» What the task requires
Scan the records beneath this line for the line holding "This instrument is" and the line holding "ANPI - Comitato provinciale di Pordenone - Archivio", then transcribe exactly those two and all lines between.

» Data to process
────────────────────────────────────────
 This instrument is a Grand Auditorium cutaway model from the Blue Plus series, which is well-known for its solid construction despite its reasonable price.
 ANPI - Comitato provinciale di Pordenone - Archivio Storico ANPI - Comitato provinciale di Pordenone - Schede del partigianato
────────────────────────────────────────
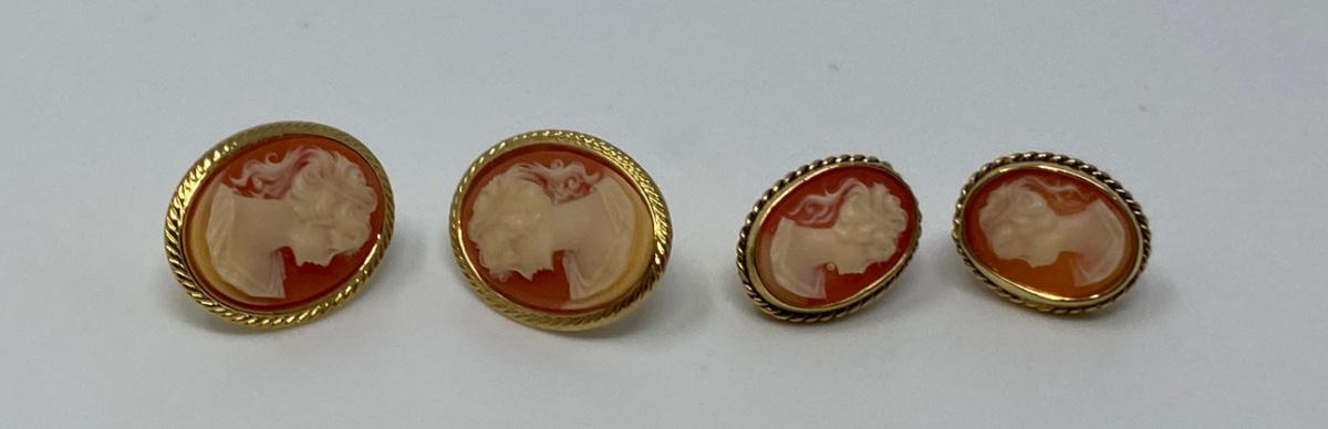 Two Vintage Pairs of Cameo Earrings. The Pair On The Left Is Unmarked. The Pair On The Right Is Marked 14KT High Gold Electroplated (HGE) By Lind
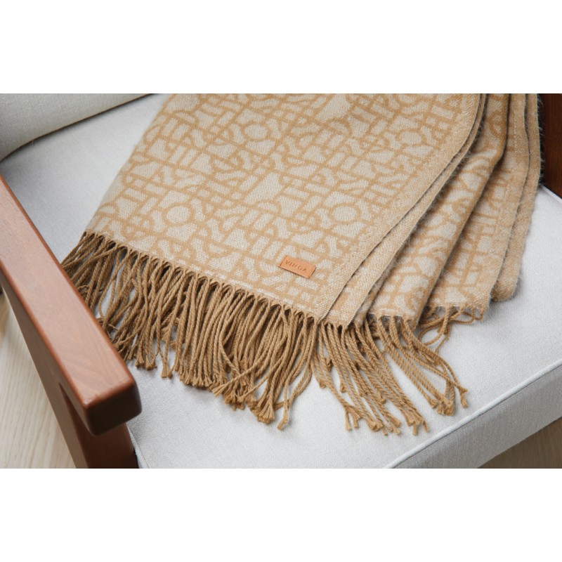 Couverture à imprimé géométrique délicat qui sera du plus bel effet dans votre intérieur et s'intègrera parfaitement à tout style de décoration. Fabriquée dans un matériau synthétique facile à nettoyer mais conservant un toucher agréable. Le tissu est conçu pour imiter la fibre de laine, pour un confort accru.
────────────────────────────────────────
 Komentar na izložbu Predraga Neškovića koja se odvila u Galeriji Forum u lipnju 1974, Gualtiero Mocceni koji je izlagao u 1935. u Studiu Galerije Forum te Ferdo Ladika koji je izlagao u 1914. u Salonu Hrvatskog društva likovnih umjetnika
────────────────────────────────────────
» Response area
 This instrument is a Grand Auditorium cutaway model from the Blue Plus series, which is well-known for its solid construction despite its reasonable price.
 ANPI - Comitato provinciale di Pordenone - Archivio Storico ANPI - Comitato provinciale di Pordenone - Schede del partigianato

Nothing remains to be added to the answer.